The social theory of migration has attached a marginal role to the State and the law, focusing on demographic, economic and social factors instead. Much of the literature argues that attempts to regulate or limit migratory flows fail in all major industrialised democracies (Hollifield, Martin, Orrenius 2004; Castles 2004). Others have explicitly criticised this idea: the share of international migrants is still quite low and the ability of migratory movements to escape state control is largely overestimated (Freeman 1994; Teitelbaum 2002; Zolberg 2000). There is a need to bring the state and the law back in the social theory of migration. The paper illustrates how migration law is driven by overlapping legal regimes in constant tension between themselves, following a paradox within the migratory policies of contemporary post-industrial democracies: the desire to limit migration (sovereignty) is at odds with dynamics that increase the degree of porosity of borders (market, rights).
Discretion comes with the possibility to choose between different legitimate solutions, involving a significant amount of power for administrative authorities. The paper discusses discretionary powers, identifying situations in which it is acceptable to grant such powers and the existing legislative drafting tools to impede discretion to turn into arbitrariness. The paper addresses three issues. First, the clarification of what shall be understood as discretion in the legal system and how to identify the existence of discretionary powers. Second, the identification of the advantages and disadvantages of discretion, in order to define possible criteria for using discretionary powers in drafting. Third, which legislative drafting tools may be used by lawmakers to grant discretionary powers: e.g. the use of “may” or “must” when referring to the powers of a deciding authority or the provision of non-exhaustive lists of situations that may determine the application of a legal provision.
ECtHR case law clarified that Article 5(1)(f) authorises lawful detention, contingent on the possibility of effectively removing the alien within a reasonable amount of time. Stateless migrants are not considered as nationals by any state: there is no prospect of removing them.
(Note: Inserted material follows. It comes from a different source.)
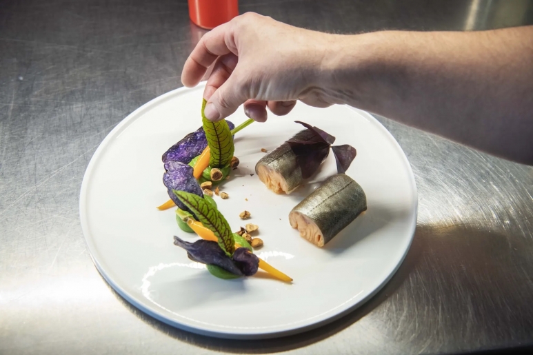 Antoine Gonnet, le nouveau chef du mythique restaurant des hauts de Montreux, propose une mousse moitié-moitié qui s’agrémente au gré des saisons.

They often have no way of officially being recognised as such, and are not granted the right to stay thus exposing released detainees to re-detention. Where there is no a stateless determination procedure or it is not coordinated with the removal system, EU Member States can be imputable. Administrative authorities may be responsible for applying detention to stateless persons. How well does the implementation of such legislation accomplish the aims set by the policymakers? Given that asylum and removal procedures often do not account for statelessness, is the practice of detaining stateless persons an arbitrary law-making practice?
Arbitrariness is detrimental to the legitimacy of any rule in a deep and decisive way. Yet, it is poorly understood and underexplored. This is regrettable because we need a better and more articulate understanding of it in order to use this key notion, in particular with regard to the so-called constitutional quality of legislation. In this paper, the concept of arbitrary power is analysed on the backdrop of contemporary theories of law and politics in view of establishing a conceptual framework of greater value for the scholar interested in investigating discretion and arbitrary measures in the law today than the ones currently on offer. The point is that, by viewing citizenship and migration policies from the perspective of the rule of law, new areas and dimensions of the problem of arbitrary law-making emerge. In this paper, a typology of forms of arbitrariness is sketched out and applied specifically to the analysis of citizenship policies and border control techniques.